**Provided records:**

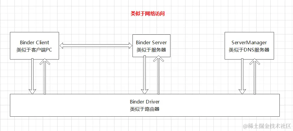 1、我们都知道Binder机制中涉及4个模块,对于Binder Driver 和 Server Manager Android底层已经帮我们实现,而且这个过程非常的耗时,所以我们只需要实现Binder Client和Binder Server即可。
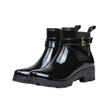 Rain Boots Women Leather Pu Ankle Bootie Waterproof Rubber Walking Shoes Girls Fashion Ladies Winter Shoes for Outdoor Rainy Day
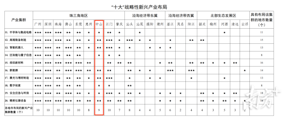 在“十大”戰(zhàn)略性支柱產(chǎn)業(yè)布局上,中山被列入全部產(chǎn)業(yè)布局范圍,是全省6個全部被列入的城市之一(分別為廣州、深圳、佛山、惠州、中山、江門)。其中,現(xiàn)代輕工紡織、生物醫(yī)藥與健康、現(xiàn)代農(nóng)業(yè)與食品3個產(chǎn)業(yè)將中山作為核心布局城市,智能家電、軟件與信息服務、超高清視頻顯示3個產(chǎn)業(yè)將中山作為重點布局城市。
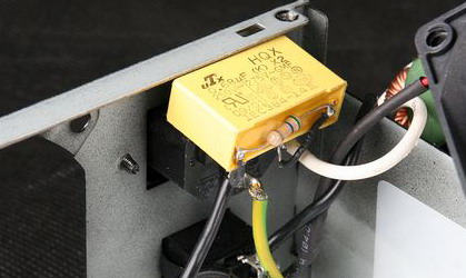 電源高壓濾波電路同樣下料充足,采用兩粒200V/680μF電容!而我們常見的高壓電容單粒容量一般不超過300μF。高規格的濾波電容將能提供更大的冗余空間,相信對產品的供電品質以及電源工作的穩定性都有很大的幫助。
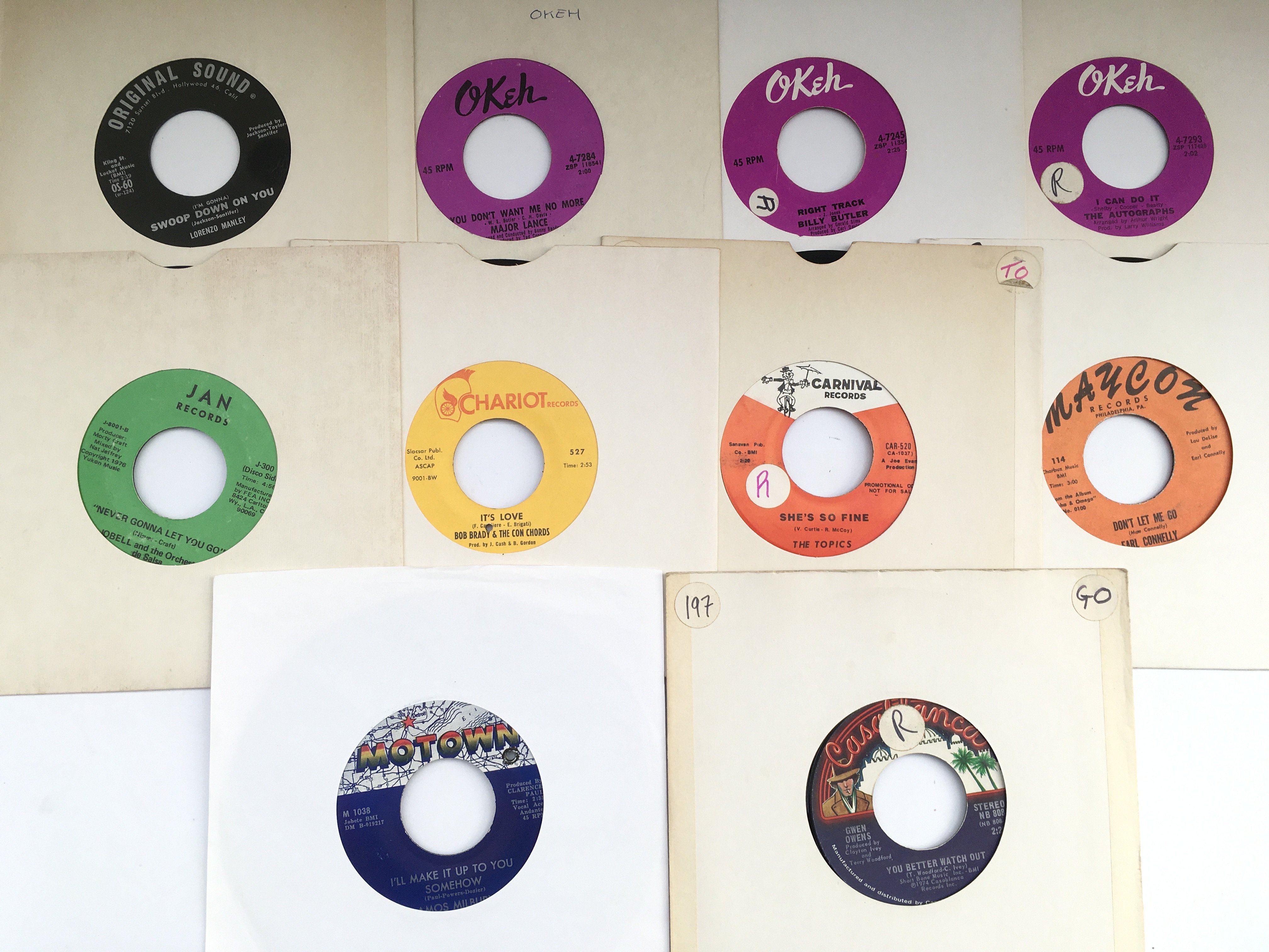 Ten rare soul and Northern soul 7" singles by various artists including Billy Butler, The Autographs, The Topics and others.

---

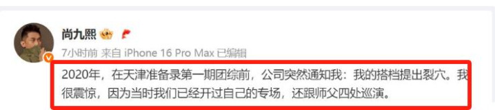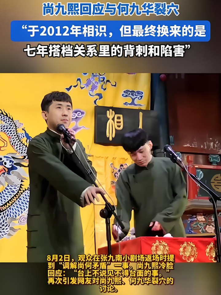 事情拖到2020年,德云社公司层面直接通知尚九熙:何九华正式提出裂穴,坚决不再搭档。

**Exercise details:**
An exact transcription is needed of the lines from the one with "1、我们都知道Binder机制中涉及4个模块,对于Binder Driver 和" to the one with "Rain Boots Women" above, both ends included, with pictures left out.

**Response to the task:**
 1、我们都知道Binder机制中涉及4个模块,对于Binder Driver 和 Server Manager Android底层已经帮我们实现,而且这个过程非常的耗时,所以我们只需要实现Binder Client和Binder Server即可。
 Rain Boots Women Leather Pu Ankle Bootie Waterproof Rubber Walking Shoes Girls Fashion Ladies Winter Shoes for Outdoor Rainy Day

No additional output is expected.